One is already in place – visual voicemail on the iPhone.
This is brilliant. I can see all my saved voicemails as a list and just tap the one I want to listen to again. If I have 10 voicemails, I don’t have to listen to the first 9 before I get to the one I want to listen to – number 10. I know I can “skip” voicemails on a traditional phone, but I still have to start listening to each voicemail chronologically. Painful and unnecessary.
OK, I am fortunate to own an iPhone, but other mobile owners who don’t have such a great enabling piece of technology are limited by the old school telephony methods.
So, please, please, please invest in voice-to-text technology. It’s been around for years and is very good now. In fact, there are companies that are already offering this technology. You can pay a subscription fee to divert your voicemails to an automated service that listens to your message and converts it into a text message, and then forwards this to your cell phone. You can still dial in and listen to your voicemail but you also have a text message with a transcript.
Having an SMS is a brilliant enabler – it means you don’t have to listen to the voicemails (makes you more efficient), plus it also provides a mechanism where hard of hearing people can use a mobile more effectively. It also leverages mobile phones’ ability to recognise telephone numbers in SMS messages so you can quickly dial them, instead of needing pen and paper to jot down the number that your best friend just left you when you are in the middle of the park.
It also helps busy execs access messages when they probably shouldn’t – quickly scanning an SMS while they’re in a meeting (at least they don’t have to nip out and listen to the message).
OK, OK, OK – I know you are going to tell me that companies like www.spinvox.com (from 20p per message) are already offering this in the UK, and www.hullomail.com (currently free) will be soon, but why does it take independent entrepreneurs to solve a problem that could easily be solved at source by the mobile operators?
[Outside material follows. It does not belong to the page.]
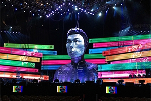 2015年,LED模組異形拼接技術發展迅速,推動LED顯示產品在建筑景觀、舞臺美術、旅游博覽、酒吧夜店等創意顯示應用領域遍地開花。

We also need sensible pricing – if I only got a few voicemails 20p per message doesn’t seem to bad, but you only need 5 a day and you’re spending a whole price plan again just to get SMS message conversions.
If you offered this service at source, as a mobile owner I could simply add your service to my existing talk plan and “job done”. I wouldn’t need to remember to dial a different message centre to receive my voicemails (if I wanted to listen to them), or have to check an email account to get at my MP3s. I could just hit the “check voicemail [1]” key and there they were. No reprogramming, no redirecting, just straight through. Plus I get the text messages.
So, dear mobile operator, why aren’t you offering this service yet?
It’s 2008 and there are so many enabling technologies, but there is such a lack of integrated enabling technologies. Please hurry up and make our lives simpler!